Sunday, August 19, 2007

"Necessary? Is it necessary for me to drink my own urine? No!! But I do it anyway--because its sterile, and because I like the taste!"--Patches O' Houlihan, seven-time ADAA all-star




Sometimes, no matter how much you want to interact with a guest rationally and cordially, you have to eventually come to the conclusion that they are bat-shit crazy and react accordingly.


Last evening a guest demanded the contact information for my employer, which I was happy to supply. She wanted this information, she announced, so that she could use it to "hurt me". She and her party of equally insane diners were at least lucid enough to realize that their first plan, stiffing their server, wouldn't actually hurt me, but would only hurt said server. My transgression, you wonder?

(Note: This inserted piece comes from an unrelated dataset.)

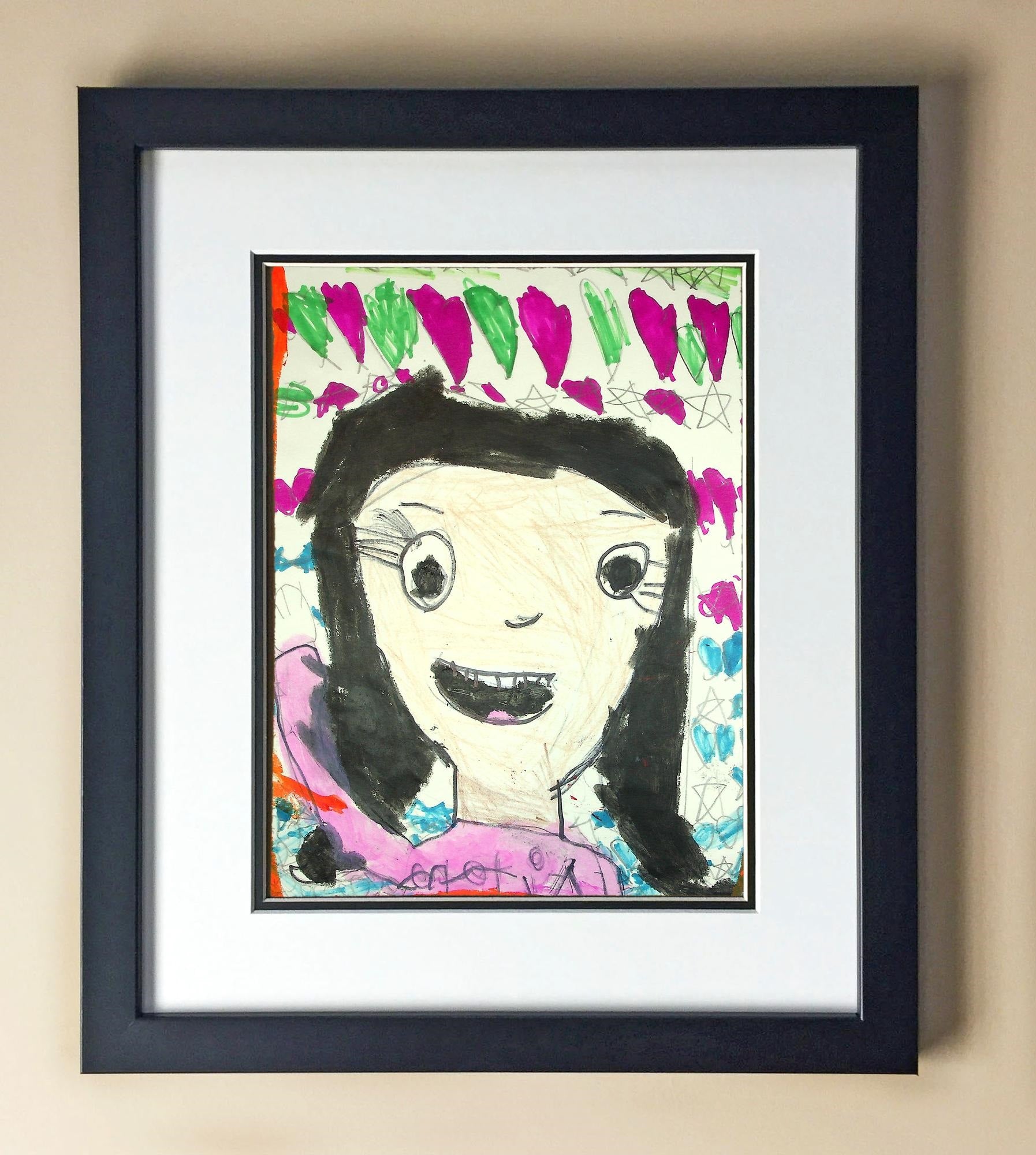 Included with the purchase is the Students Artwork, Frame, double matboard, shatter proof plexiglass, and a ready to hang backerboard with turnbuttons
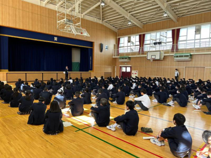 今日の1時間目はいじめ(いのち)について考える日の集会を行いました。校長先生から、いじめは誰にでも起こりうることやしんどそうな人がいたら声をかけてほしいということをご講話いただきました。

I refused to agree with them that a cocktail server had lost their credit card, when in actuality she had given the card back to its owner in front of witnesses.

A few days previous to last Father's Day a lovely family of six came to dinner to celebrate the holiday early. Two fine, strapping grown sons and their wives along with the charming father and mom. Dinner was great, everyone was beaming, and at the conclusion of the dinner, as often happens, the detritus of the celebration was left for us to contend with--in this case three "World's Best Dad" balloons and three Father's Day cards left in their brightly colored, opened envelopes. Many years ago I attempted to return birthday cards and part of a cake that had been left in the restaurant after a celebration--my attempted good will caused a huge family fight when the card-givers realized their dime store sentimentality had been left behind, discarded by the guest of honor. That was the last time I attempted to return anything other than obvious gifts and/or belongings.

In this case, we were left with three Father's Day cards and three cheesy balloons and we acted accordingly--after waiting twenty or thirty minutes they went into a garbage can. By the time Dad called the restaurant three hours later looking for the two $100 Menard gift cards that he had left in the envelopes, the garbage can had long been emptied into a dumpster and the dumpster compacted. His tone with me on the phone went from embarrassed to alarmed to angry to profane to hung up on. The next day my employer recieved the requisite e-mail full of falsehoods and I received a fed-exed letter basically accusing me of being the mastermind of a huge home improvement store gift card theft ring [notable here is the fact that the letter had to have been at a fedex drop before 5am for me to have received it when I did]. The saga didn't culminate till nearly a week later when Crazy Dad called the police, and the police told him, after a few minutes, that he was at fault for abandoning innocuous property and that furthermore his conduct toward me as he had described it to the officer appeared to border on harrassment. The officer told me this during a courtesy call, as I had been the brief subject of a complaint--he ended his conciliatory closing by telling me that, "shit like this is why I took a desk job--people are just freaking nuts".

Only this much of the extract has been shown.